Excerpt: 'Lessons for Dylan'

The way it seems to work the best is through infusion. My surgeon had dug a port into my chest. Plastic tubing connected the port to a pouch about the size of a box of Grape-Nuts I would have to live with 24/7; it was, literally, part of me. Inside the pouch a computer-controlled, battery-powered pump would dribble just the right amount of chemical through the tubing, into the port which connected to my jugular vein. The pouch even had a belt-loop so I could attach it to my slacks, hide it with a sport-coat, I'd been told. But it was a bit too bulky for that and the plastic tube would kink if I ran it under my shirt so I ended up running the tube up my shirtsleeve and carrying the pouch full of chemo in my left hand like an attaché case from Hell. That's the way I went to work, that's the way I interviewed Brad Pitt, that's the way I interviewed the stars of The Lion King, that's the way I appeared on network television. I have no idea how I did it.

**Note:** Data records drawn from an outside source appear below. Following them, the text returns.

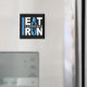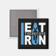 Grunge-Stil Typografie-Design-Emblem mit dem Wort "I Eat darum I Run" in fett san serf Buchstaben mit Silhouette aus dem Buchstaben "A" in Eat (Gabel und Messer) und aus dem Buchstaben "U" in RUN (Silhouette von Laufbeinen/Füßen).
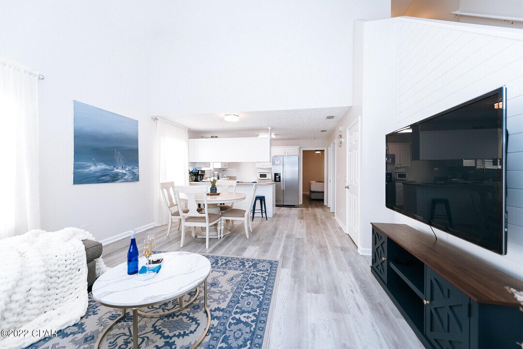Available on 3/01/2026 for 12 months lease. Wonderfully maintained freshly painted and fully furnished 3 bedroom 2 bath 1,432 SqFt townhouse in the ever-popular and gated Palm Cove community. The kitchen has oven/stove, dishwasher and microwave and is open to the dining area and great room. Laundry room is equipped with full size washer and dryer. The complex boasts a pool and after dark security guard. Sorry, no pets. Power, water/sewer, trash pick-up, internet and grass cut are included in rent. This property is minutes to the beach, college, Pier Park, Navy base, Publix Sports Park, restaurants, & more!
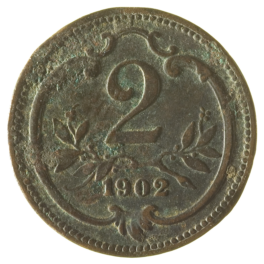 Revers: U gornjem djelu ovalnog okvira broj 2. Ispod njega maslinova grančica i godina kovanja 1902.

Two nurses came to our apartment to hook me up to the chemo. They pried open the layer of skin that covered the port with a rather large needle and pumped it with saline to make sure I wasn't backed up like an over-used drain. They told me if something should happen and the chemo should leak or spill, DO NOT, UNDER ANY CIRCUMSTANCES, TOUCH THE CHEMICALS!

They gave me 24-hour emergency numbers to call. They would come and clean up the mess, it is that toxic. And that's on the outside. What was it doing to my inside? I found out fifteen minutes after they hooked me up. I got sick.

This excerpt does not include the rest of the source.